Redox‐Mediated Alcohol Oxidation Coupled to Hydrogen Gas Formation in a Dye‐Sensitized Photosynthesis Cell

This work reports a dye‐sensitized photoelectrochemical cell (DSPEC) that couples redox‐mediated light‐driven oxidative organic transformations to reductive hydrogen (H2) formation. The DSPEC photoanode consists of a mesoporous anatase TiO2 film on FTO (fluorine‐doped tin oxide), sensitized with the thienopyrroledione‐based dye AP11, while H2 was formed at a FTO‐Pt cathode. Irradiation of the dye‐sensitized photoanode transforms 2,2,6,6‐tetramethylpiperidine 1‐oxyl (TEMPO) to the oxidized TEMPO (TEMPO+), which acts as a chemical oxidant for the conversion of benzyl alcohol. The TEMPO0/+ couple, previously used as redox mediator in DSSC, mediates efficient electron transfer from the organic substrate to the photo‐oxidized dye. A DSPEC photoreactor was designed that allows in situ monitoring the reaction progress by infrared spectroscopy and gas chromatography.

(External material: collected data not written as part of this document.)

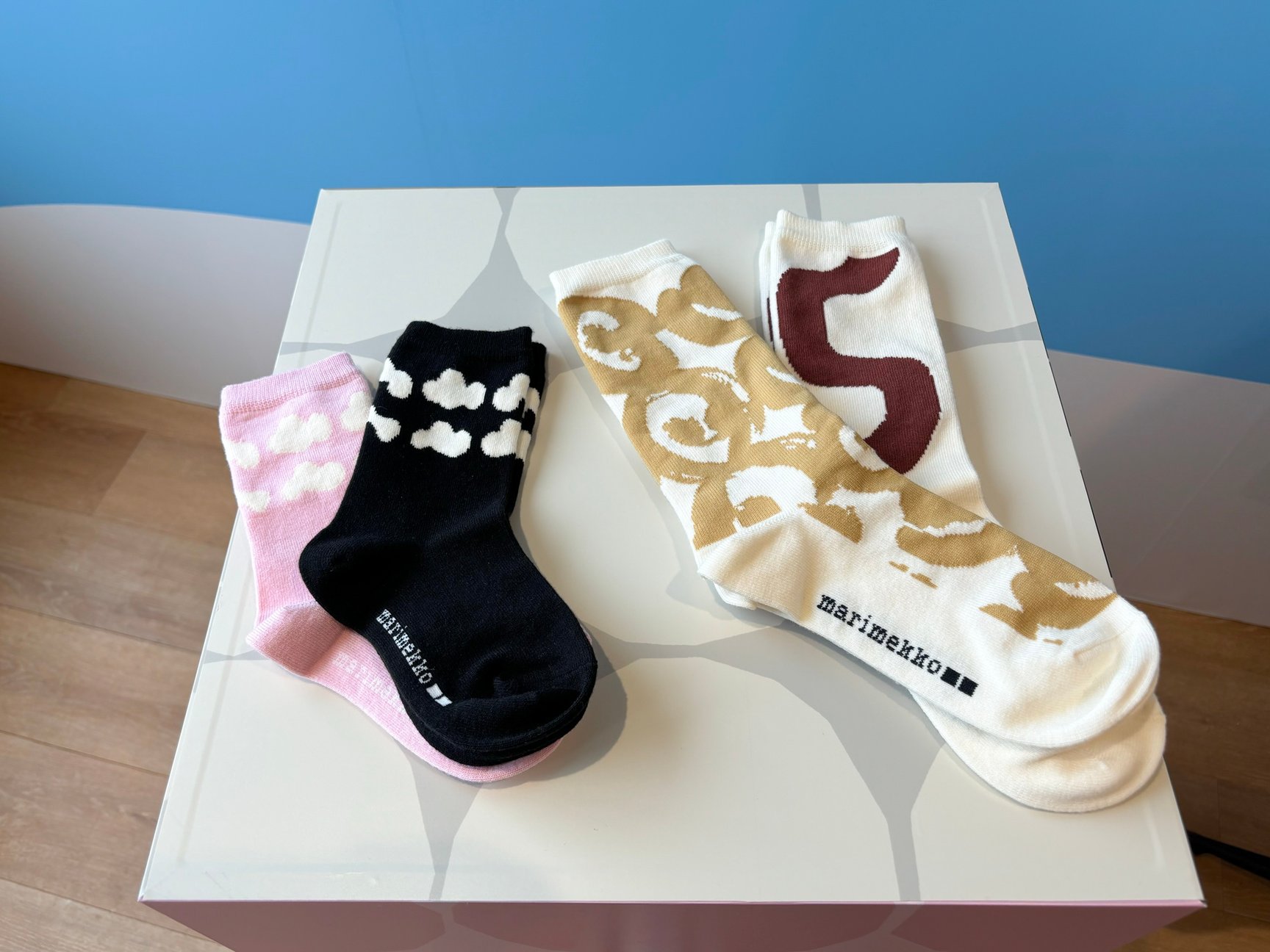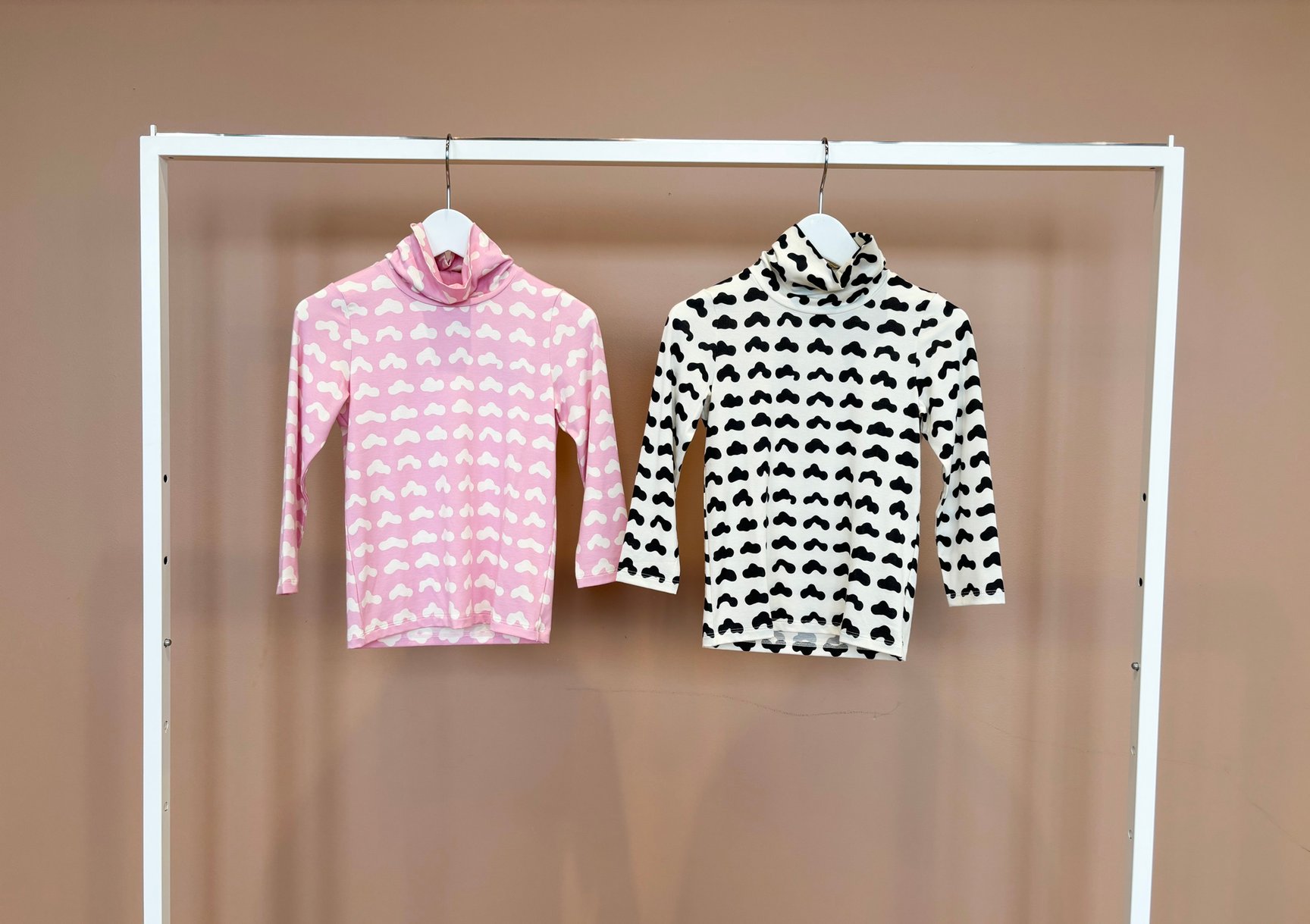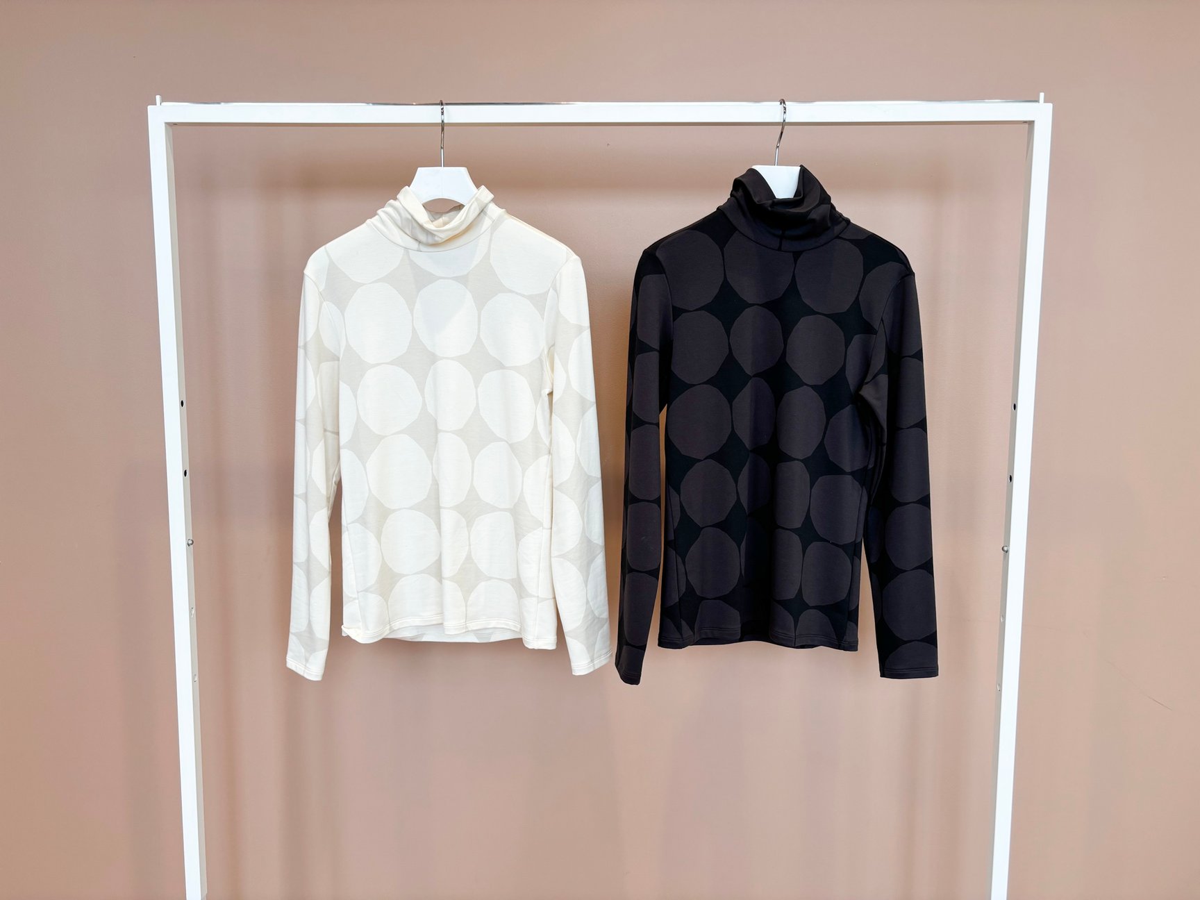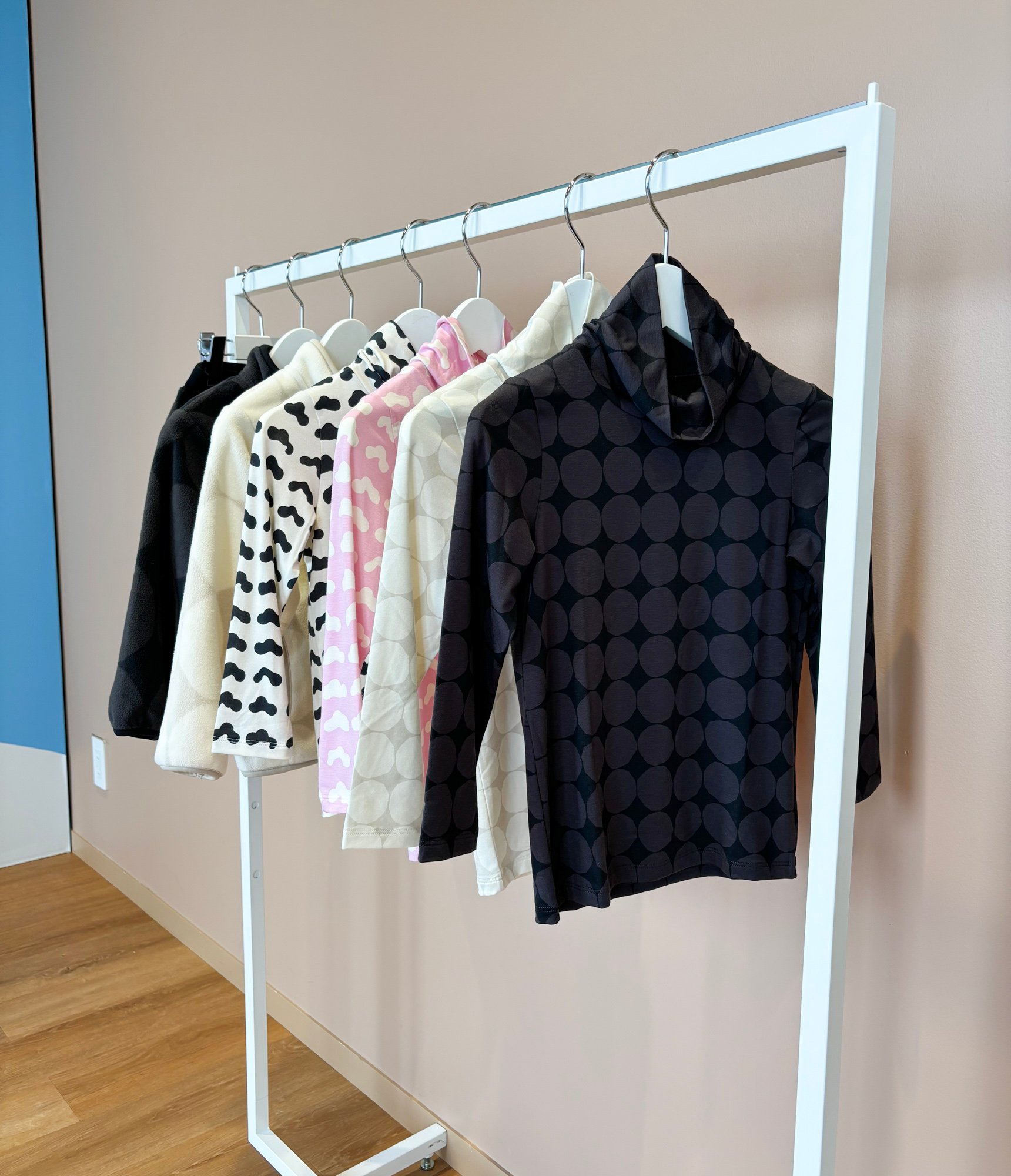 キッズでは、キヴェット柄のフリースフルジップジャケット(2色、1990)やフリースミニスカート(2色、1990)に加えて、綿菓子・雲を表現した「ハッタラ(Hattaraa)」とキヴェットの2柄を採用したヒートネックタートルネックT(各2色、990)、ヒートテックソックス(2色セット、790/全て税込)を揃える。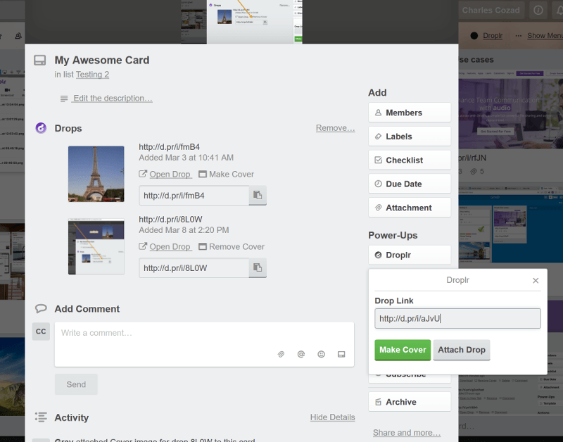 Droplr Power Up Trello kartlarına eklediğiniz kısaltılmış linkleri, görünüm olarak zengin içeriklere dönüştürüyor. Bu Power Up ile birlikte linkleriniz hakkındaki bilgileri kartlarınızda kolayca görüntüleyebiliyor ve tek bir tıkla panonuzdaki kısa linkleri kopyalayabiliyorsunuz. Aynı şekilde linkleri yeni bir pencerede açarak detaylı bir şekilde inceleybilmeniz de sağlanıyor.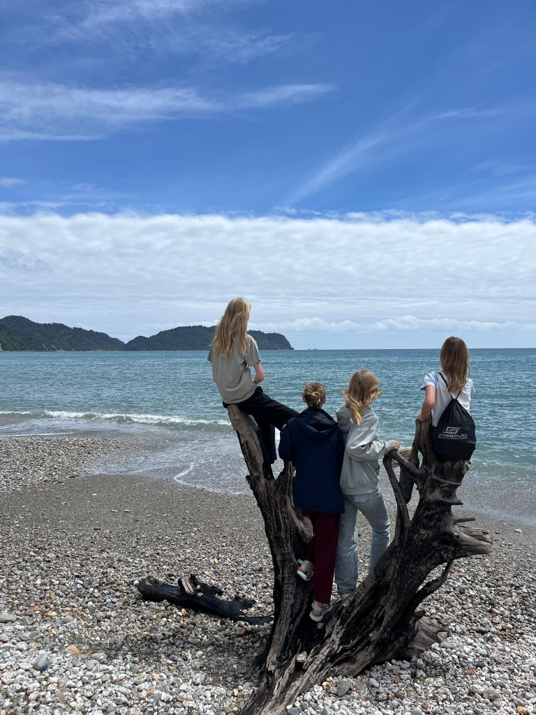 The next day, it was time to start school again. A two-week holiday can just fly by when you’re relaxing and swimming with dolphins and seeing some of the most beautiful scenery! 🙂 Our mornings were once again spent working, leaving just our afternoons free for exploration. But it also means everyone is a bit sluggish in the afternoons and not always eager for a big exploration, so one afternoon we set out at dusk in search of penguins at Monro Beach (no such luck but we did find a million sandflies again) and the other afternoon was spent relaxing at our place.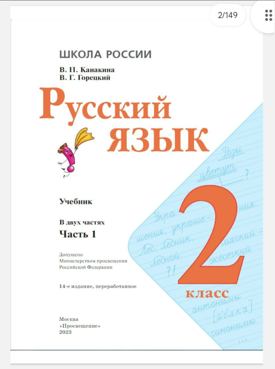 Учебник 2 класса по Русскому языку (ВП Канакина, В.Г. Горецкий)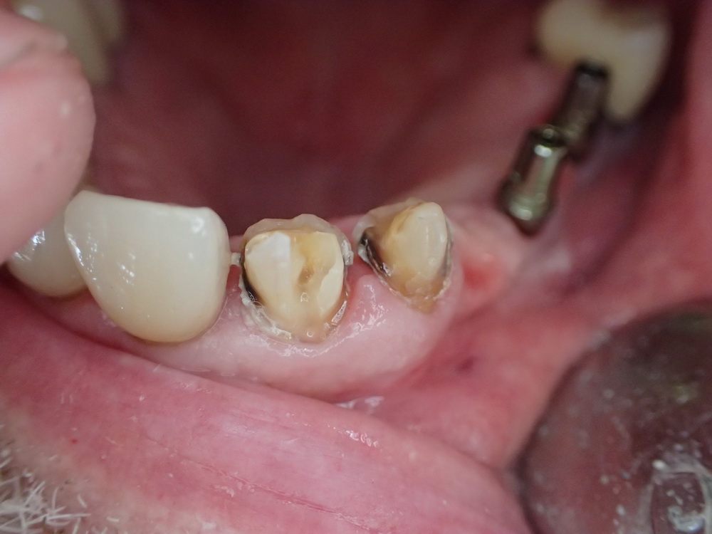 Die Kronen in der Front, die heute erneuert werden musste sind erst seit 7 Jahren im Mund des Patienten.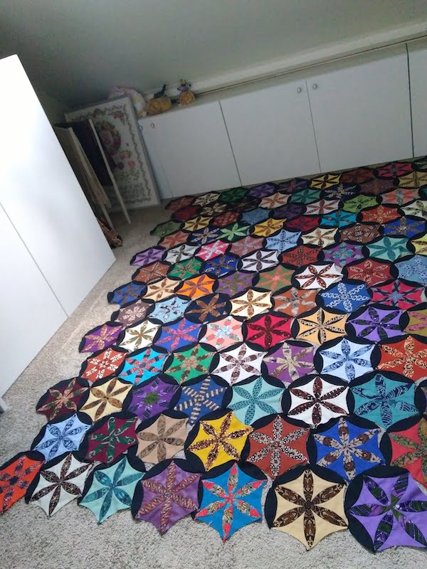 In de dagen daarna besloot ik het wagenwielen patroon door te laten lopen in de rand. En dan alle stukjes in zwart te maken. Dat betekende dus honderden stukjes extra op stof tekenen, uitknippen en naaien. De top is nu bijna af en dan kan er gesandwicht en uiteindelijk gequilt worden. Het duurt dan nog wel een poosje voor de quilt echt af is.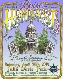 Boise Hempfest is an annual cannabis rights activist event and festival in Boise, Idaho, which has been held since 2016.[1] The "Hempfest" name is licensed by Seattle Hempfest.[2] The coordinator of the inaugural and subsequent events was Serra Frank.[3] The fourth annual event took place on April 20, 2019.[4] The 2020 event was scheduled for April 18, 2020; but was postponed due to the Idaho government mandated "stay at home order" issued at the beginning of the COVID-19 Pandemic.[5]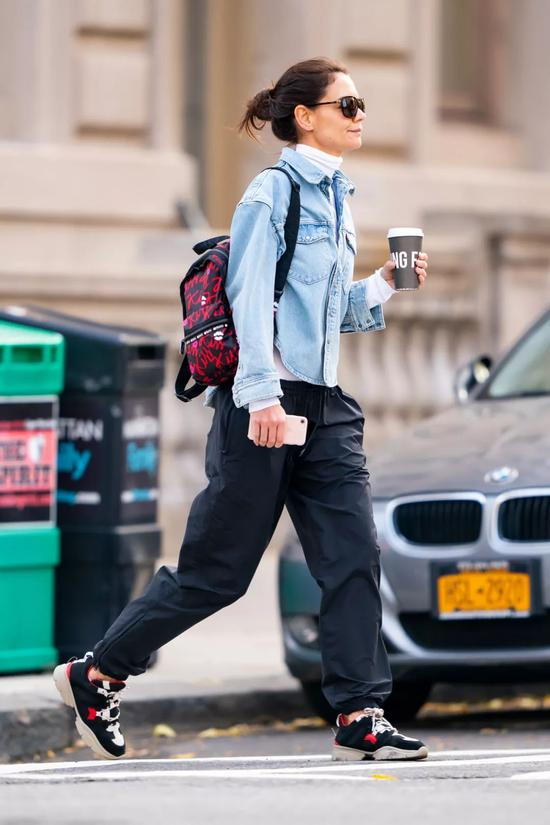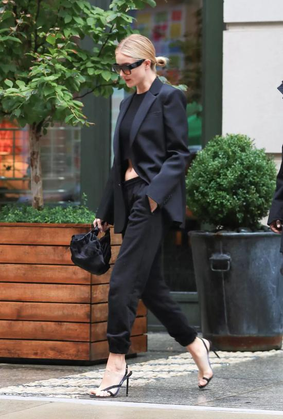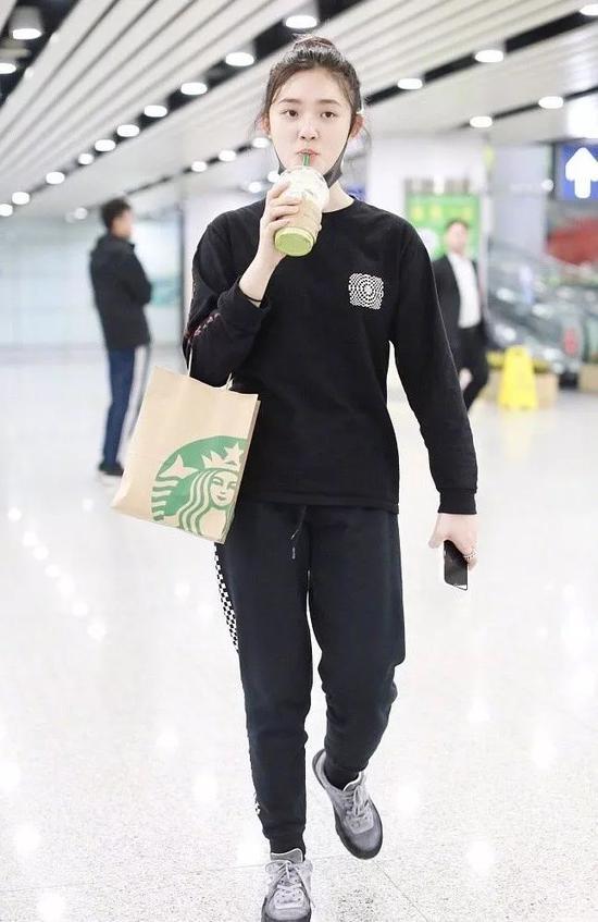束脚裤搭配起来还可以很随意。林允这样all black的穿搭,束出细脚踝再搭配一双运动鞋,“仙女”身上也有“男友力”。(这样赶飞机一定很舒服~)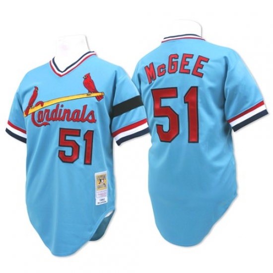 Home>MLB>St. Louis Cardinals>Willie McGee>Men's Mitchell and Ness St. Louis Cardinals #51 Willie McGee Replica Blue Throwback MLB Jersey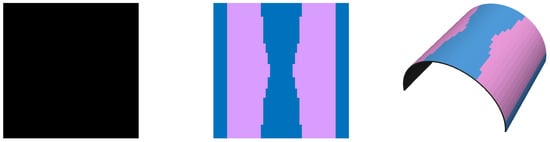 Previous works [,,] have shown that the implementation of topological optimisation on numerical models based on the Finite Element Method (FEM) allows, simultaneously, an optimizing host structure and a polarisation profile of the electrodes. These works were carried out on different geometries in the form of flat plates and one-dimensional beams. A similar work, applied in this case to curved shell-type structures, was carried out by Donoso et al. [], but limited to the design of the polarisation profile.

Sustained light‐driven oxidation of benzyl alcohol to benzaldehyde within the DSPEC photoreactor, using of TEMPO as mediator, demonstrated the efficiency of the device, with a photocurrent of 0.4 mA cm−2, approaching quantitative Faradaic efficiency and exhibiting excellent device stability. A dye‐sensitized photoelectrochemical cell (DSPEC) that couples redox‐mediated light‐driven oxidation of benzyl alcohol to reductive H2 formation is reported in this work. TEMPO+ is in situ generated by a photooxidized dye and acts as a chemical oxidant. The DSPEC was designed with in situ reaction monitoring of substrates and products for screening of organic reactions and approached quantitative Faradaic efficiency with showed.